Tolkien is damned brilliant. First of all, his command of language, both in poetry and prose, is prodigious. He manages to evoke fascinating, important characters without giving them any of that imperviousness that so often accompanies the Hero in contemporary fantasy. Obviously Tolkien’s interest in ancient Saxon and Medieval legends/poetry is a major source, but he manages to make these characters so relevant despite the great gulfs of time and culture between those works and our modern world– the characters positively leap off the page! And, I admit, Peter Jackson’s films have colored some of my ideas of what the characters look and sound like, but nevertheless the books are so much more detailed, so much deeper and richer. That’s no mean feat, considering Jackson’s deep and abiding obsession with re-creating Middle Earth. I’m nearly finished with The Fellowship of the Ring and then it will be on to The Two Towers…
So, my “To Read” list will have to wait until I’ve walked with Frodo to the cracks of Mount Doom, until the Enemy is defeated by the most unlikely of creatures, and until all is well under the hill. So be it. The road goes ever on and on…
Fresh Start
This is a new blog about my adventures in the world of books. I feel I ought to have insightful, pithy things to say like that affable radio personality in “Northern Exposure” did at the end of nearly every episode, but at the moment I haven’t got anything like that to share. I’m battling a rather horrendous cold just now. I’ll try to be pithy at least once every other post. That seems like a reasonable goal, but I promise nothing. Pith off.
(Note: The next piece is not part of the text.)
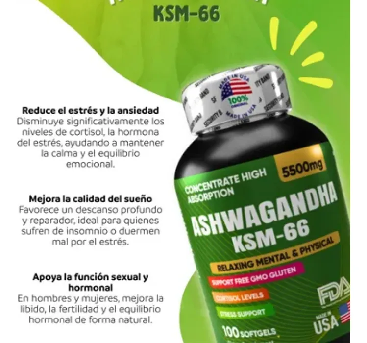 Ashwagandha KSM 66 Reducción de Estrés y Energía Natural Ashwagandha KSM 66 es un suplemento de alta calidad diseñado para reducir el estres mejorar la función cognitiva y aumentar la resistencia física Utilizando el extracto concentrado de raíz de ashwagandha este suplemento natural ayuda a restaurar el equilibrio hormonal y a mejorar el bienestar general siendo un excelente aliado para quienes buscan reducir el agotamiento y mejorar su desempeño diario Cantidad y concentración 100 capsulas de 5500 mg de KSM 66 Ashwagandha Beneficios clave Disminuye los niveles de cortisol mejorando el estado de ánimo Apoya la memoria concentración n y claridad mental Aumenta la masa muscular y la fuerza f sica Reduce la inflamación y el dolor articular Fortalece el sistema inmunológico ayudando a combatir infecciones Características del producto KSM 66 Ashwagandha extracto de ra z de alta concentración Apoyo al equilibrio hormonal especialmente en situaciones de estrés Suplemento natural y efectivo para una vida m s activa y saludable Apto para veganos y sin aditivos artificiales Modo de consumo Tomar 1 capsula por la mañana y 1 capsula por la tarde con agua Recupera tu energía mejora tu estado de ánimo y mantén el estrés bajo control con Ashwagandha KSM 66

I have had ambitions to do research and work on my Master’s thesis this summer but very little has yet materialized. This must change. My thesis is on Dracula and the conflict/symbiosis set up in that novel between oral storytelling and the technology of writing. I am gathering sources and really must plant myself in a chair and do research as soon as I stop coughing. Dracula is probably my favorite book. I’ve read it every October since I was 12 years old and every time I do I see something in it I haven’t seen before. I think it is one of the most brilliantly constructed.novels ever written. This made it a great candidate for a thesis paper since I am so intimately familiar with it. I am also relying heavily on Tony E. Jackson’s The Technology of the Novel. Fascinating book on the way writing as a technology shapes the stories we tell and the way we think about them.
I also write fiction, non-fiction, and poetry. I have been published in a few literary magazines and self published two books of poetry and one of short fiction (They’re available on Amazon if you were dying to read them). I am working on a novel (passively, at the moment, until the thesis is written) and I’m almost constantly writing poetry.
So, more to follow. I will try to be a faithful updater, though I tend to do these things in fits and spurts. I may use this blog as a bulletin board for research and information pertaining to my thesis and whatever else I’m writing. We’ll see.